WHAT IS REQUIRED
Return every line from the one with "Carimbo de endereço" through the one with "A tranquil underwater", inclusive, exactly as it appears below.

THE RECORDS
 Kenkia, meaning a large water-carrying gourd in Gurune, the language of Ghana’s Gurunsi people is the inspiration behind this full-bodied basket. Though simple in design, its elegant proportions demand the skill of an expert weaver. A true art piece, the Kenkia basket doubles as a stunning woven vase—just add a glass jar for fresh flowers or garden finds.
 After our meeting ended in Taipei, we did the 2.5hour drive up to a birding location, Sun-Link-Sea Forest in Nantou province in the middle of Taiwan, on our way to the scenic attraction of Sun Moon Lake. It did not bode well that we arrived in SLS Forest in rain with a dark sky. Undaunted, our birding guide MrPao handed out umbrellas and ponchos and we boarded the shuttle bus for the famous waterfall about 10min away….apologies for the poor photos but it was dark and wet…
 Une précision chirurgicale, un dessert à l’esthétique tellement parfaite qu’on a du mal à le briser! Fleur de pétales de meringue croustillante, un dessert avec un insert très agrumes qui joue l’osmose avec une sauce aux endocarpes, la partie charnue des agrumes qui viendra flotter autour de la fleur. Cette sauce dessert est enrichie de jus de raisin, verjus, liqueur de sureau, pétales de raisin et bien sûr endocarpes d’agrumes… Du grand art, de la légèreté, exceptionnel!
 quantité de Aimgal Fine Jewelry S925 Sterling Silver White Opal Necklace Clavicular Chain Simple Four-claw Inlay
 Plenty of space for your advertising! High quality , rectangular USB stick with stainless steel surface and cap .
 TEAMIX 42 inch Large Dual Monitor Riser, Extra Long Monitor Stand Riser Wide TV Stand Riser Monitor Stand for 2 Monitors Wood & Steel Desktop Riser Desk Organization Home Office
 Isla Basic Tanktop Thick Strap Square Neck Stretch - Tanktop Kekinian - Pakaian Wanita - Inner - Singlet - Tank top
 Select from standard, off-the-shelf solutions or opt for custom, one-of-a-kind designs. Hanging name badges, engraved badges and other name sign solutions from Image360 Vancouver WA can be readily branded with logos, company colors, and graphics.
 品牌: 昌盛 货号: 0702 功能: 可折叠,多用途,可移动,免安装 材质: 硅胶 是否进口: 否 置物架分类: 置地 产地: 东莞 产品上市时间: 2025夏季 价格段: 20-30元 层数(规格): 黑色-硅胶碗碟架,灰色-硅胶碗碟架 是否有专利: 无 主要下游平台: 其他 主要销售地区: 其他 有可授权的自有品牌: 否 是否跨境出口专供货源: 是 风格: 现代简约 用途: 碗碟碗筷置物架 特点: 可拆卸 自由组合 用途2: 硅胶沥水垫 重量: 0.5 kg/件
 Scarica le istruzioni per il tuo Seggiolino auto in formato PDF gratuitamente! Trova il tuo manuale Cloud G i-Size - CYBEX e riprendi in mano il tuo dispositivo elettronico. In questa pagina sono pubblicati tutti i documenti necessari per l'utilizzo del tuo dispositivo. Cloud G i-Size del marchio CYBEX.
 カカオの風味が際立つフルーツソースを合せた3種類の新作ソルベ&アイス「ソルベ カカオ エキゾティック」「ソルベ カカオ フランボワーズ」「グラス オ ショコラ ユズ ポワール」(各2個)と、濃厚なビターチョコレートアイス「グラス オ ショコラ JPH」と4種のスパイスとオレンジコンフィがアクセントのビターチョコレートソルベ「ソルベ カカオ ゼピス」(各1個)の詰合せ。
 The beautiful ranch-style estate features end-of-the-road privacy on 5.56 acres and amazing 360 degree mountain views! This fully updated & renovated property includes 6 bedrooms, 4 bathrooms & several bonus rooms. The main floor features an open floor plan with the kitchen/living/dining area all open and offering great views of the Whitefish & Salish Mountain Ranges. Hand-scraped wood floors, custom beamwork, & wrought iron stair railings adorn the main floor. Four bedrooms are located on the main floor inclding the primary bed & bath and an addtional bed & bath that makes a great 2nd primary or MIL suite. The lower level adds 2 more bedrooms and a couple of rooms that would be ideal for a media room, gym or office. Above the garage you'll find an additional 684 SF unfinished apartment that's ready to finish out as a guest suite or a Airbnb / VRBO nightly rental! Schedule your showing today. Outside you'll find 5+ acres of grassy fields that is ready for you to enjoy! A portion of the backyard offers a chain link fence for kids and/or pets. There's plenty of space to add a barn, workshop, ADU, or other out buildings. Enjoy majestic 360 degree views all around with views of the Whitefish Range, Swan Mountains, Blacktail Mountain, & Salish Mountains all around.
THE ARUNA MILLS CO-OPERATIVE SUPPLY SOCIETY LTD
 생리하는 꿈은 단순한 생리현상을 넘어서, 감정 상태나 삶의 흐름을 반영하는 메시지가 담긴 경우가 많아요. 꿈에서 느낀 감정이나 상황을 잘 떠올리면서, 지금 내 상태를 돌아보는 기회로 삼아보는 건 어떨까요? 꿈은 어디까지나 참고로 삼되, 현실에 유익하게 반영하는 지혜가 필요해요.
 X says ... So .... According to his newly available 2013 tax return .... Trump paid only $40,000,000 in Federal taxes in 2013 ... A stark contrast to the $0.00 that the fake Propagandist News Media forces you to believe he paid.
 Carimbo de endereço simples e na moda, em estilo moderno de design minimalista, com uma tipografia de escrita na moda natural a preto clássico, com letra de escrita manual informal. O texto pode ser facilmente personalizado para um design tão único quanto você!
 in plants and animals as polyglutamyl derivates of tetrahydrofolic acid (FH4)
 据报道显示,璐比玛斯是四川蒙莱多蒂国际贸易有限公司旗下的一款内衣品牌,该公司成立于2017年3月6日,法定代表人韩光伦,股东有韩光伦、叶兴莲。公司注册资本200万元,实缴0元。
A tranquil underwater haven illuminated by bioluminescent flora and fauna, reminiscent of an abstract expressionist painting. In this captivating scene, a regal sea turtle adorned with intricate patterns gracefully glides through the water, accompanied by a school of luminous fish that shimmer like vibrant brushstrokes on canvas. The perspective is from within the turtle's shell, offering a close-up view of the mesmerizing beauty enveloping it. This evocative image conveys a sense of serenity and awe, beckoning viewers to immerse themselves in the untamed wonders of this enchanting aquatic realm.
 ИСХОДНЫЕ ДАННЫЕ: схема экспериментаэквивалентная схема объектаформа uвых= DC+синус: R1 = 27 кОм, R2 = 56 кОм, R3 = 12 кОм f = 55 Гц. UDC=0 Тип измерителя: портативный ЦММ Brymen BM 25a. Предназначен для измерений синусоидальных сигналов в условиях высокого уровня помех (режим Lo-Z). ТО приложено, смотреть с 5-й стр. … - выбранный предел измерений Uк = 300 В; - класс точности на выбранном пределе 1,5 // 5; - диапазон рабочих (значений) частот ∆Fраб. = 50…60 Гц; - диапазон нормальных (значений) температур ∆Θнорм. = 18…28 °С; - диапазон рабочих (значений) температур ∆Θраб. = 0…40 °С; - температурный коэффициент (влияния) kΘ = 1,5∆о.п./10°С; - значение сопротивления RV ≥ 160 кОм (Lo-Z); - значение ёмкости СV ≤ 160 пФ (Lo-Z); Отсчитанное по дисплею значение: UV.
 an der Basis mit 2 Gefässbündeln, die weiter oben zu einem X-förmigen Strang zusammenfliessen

SOLUTION BELOW
 Carimbo de endereço simples e na moda, em estilo moderno de design minimalista, com uma tipografia de escrita na moda natural a preto clássico, com letra de escrita manual informal. O texto pode ser facilmente personalizado para um design tão único quanto você!
 in plants and animals as polyglutamyl derivates of tetrahydrofolic acid (FH4)
 据报道显示,璐比玛斯是四川蒙莱多蒂国际贸易有限公司旗下的一款内衣品牌,该公司成立于2017年3月6日,法定代表人韩光伦,股东有韩光伦、叶兴莲。公司注册资本200万元,实缴0元。
A tranquil underwater haven illuminated by bioluminescent flora and fauna, reminiscent of an abstract expressionist painting. In this captivating scene, a regal sea turtle adorned with intricate patterns gracefully glides through the water, accompanied by a school of luminous fish that shimmer like vibrant brushstrokes on canvas. The perspective is from within the turtle's shell, offering a close-up view of the mesmerizing beauty enveloping it. This evocative image conveys a sense of serenity and awe, beckoning viewers to immerse themselves in the untamed wonders of this enchanting aquatic realm.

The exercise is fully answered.